Bookmark and Share

Notice: On April 23, 2014, Statalist moved from an email list to a forum, based at statalist.org.


[Date Prev][Date Next][Thread Prev][Thread Next][Date Index][Thread Index]

Re: st: svylogitgof: changes dramatically across models using the same pooled sample


From   Steven Samuels <sjsamuels@gmail.com>
To   statalist@hsphsun2.harvard.edu
Subject   Re: st: svylogitgof: changes dramatically across models using the same pooled sample
Date   Tue, 12 Apr 2011 20:53:28 -0400

Eileen, I assume that you're on Stata 11, since you don't say otherwise.  -svylogitgof- doesn't work with subpop() options and has other problems in Stata 11.

See: http://www.stata.com/statalist/archive/2011-03/msg00442.html

Steve
sjsamuels@gmail.com


On Apr 12, 2011, at 1:11 PM, Eileen Diaz McConnell wrote:

Hi Statalist Users:

Hoping that you can offer some advice about the following issue.

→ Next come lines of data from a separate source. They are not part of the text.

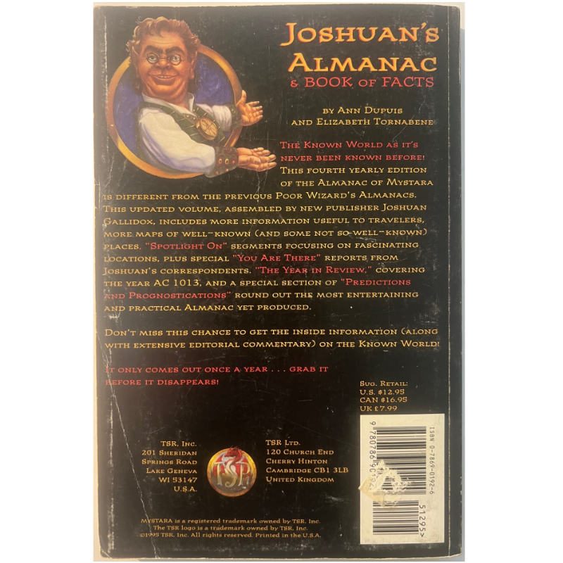 Wir bieten für das Fantasy-Rollenspielsystem D&D Dungeons & Dragons von TSR (R) die 1995 veröffentlichte Spielhilfe Joshuan’s Almanac an.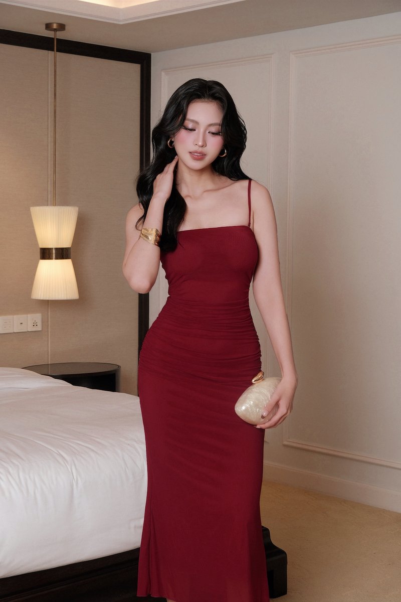 [DEFECT] Seraphie Straight Cut Mesh Padded Dress (Maroon, S)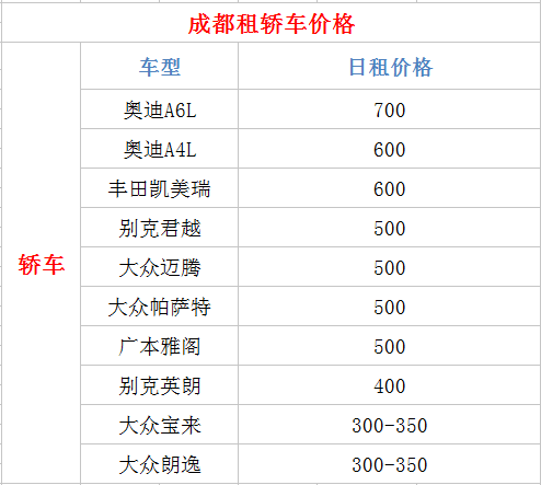 以上就是成都轎車租賃比較常見的幾種車型及日租價格表,僅作參考,成都租轎車價格如遇節假日,價格將上浮。反正越臨近節假日,車型越緊張,價格自然越高,如果提前預定的話,一般可以享受日常租車價格,如果租期長的話,優惠幅度更大。

I am doing a logistic regression using the svy: logit command in Stata SE11.  I am running the identical model several times with the only change being the reference group.   

Here is an example of the same model with the only change being the reference group-this one leaves out race_whnb.

svy, subpop(finalp7):logistic hindpvt3 race_bknb ltcitizen ltauimm ltunauthmm x1 x2 x3 
svylogitgof

This second model leaves out ltunauthmm:

svy, subpop(finalp7):logistic hindpvt3 race_bknb race_whnb ltcitizen ltauimm x1 x2 x3
Svylogitgof

As expected, the odds ratios and standard errors change across the two models for the contrast variables listed (race_bknb, etc) but are the same for all the remaining independent variables (x1 x2 x3) in both models.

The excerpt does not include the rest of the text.